Abstract

In generative modeling of neuroimaging data, such as dynamic causal modeling (DCM), one typically considers several alternative models, either to determine the most plausible explanation for observed data (Bayesian model selection) or to account for model uncertainty (Bayesian model averaging). Both procedures rest on estimates of the model evidence, a principled trade-off between model accuracy and complexity. In the context of DCM, the log evidence is usually approximated using variational Bayes. Although this approach is highly efficient, it makes distributional assumptions and is vulnerable to local extrema. This paper introduces the use of thermodynamic integration (TI) for Bayesian model selection and averaging in the context of DCM. TI is based on Markov chain Monte Carlo sampling which is asymptotically exact but orders of magnitude slower than variational Bayes. In this paper, we explain the theoretical foundations of TI, covering key concepts such as the free energy and its origins in statistical physics. Our aim is to convey an in-depth understanding of the method starting from its historical origin in statistical physics. In addition, we demonstrate the practical application of TI via a series of examples which serve to guide the user in applying this method. Furthermore, these examples demonstrate that, given an efficient implementation and hardware capable of parallel processing, the challenge of high computational demand can be overcome successfully.

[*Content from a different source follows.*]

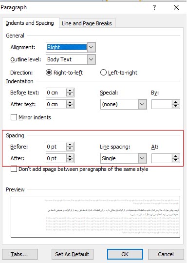 3- تنظیمات پیش‌فرض برای پاراگراف

The TI implementation presented in this paper is freely available as part of the open source software TAPAS.

Highlights

  • Dynamic causal models (DCMs) are generative models that serve to infer latent neurophysiological processes and circuit properties—e.g., the effective connectivity between neuronal populations—from neuroimaging measurements such as functional magnetic resonance imaging or magneto-/electroencephalography (M/EEG) data (David et al 2006; Friston et al 2003)

  • Starting from the free energy, we show how key concepts from information theory have developed from their counterparts in statistical physics, motivating the use of thermodynamic integration (TI) and providing a link to the variational Bayes approach conventionally used in DCM to approximate the log model evidence (LME)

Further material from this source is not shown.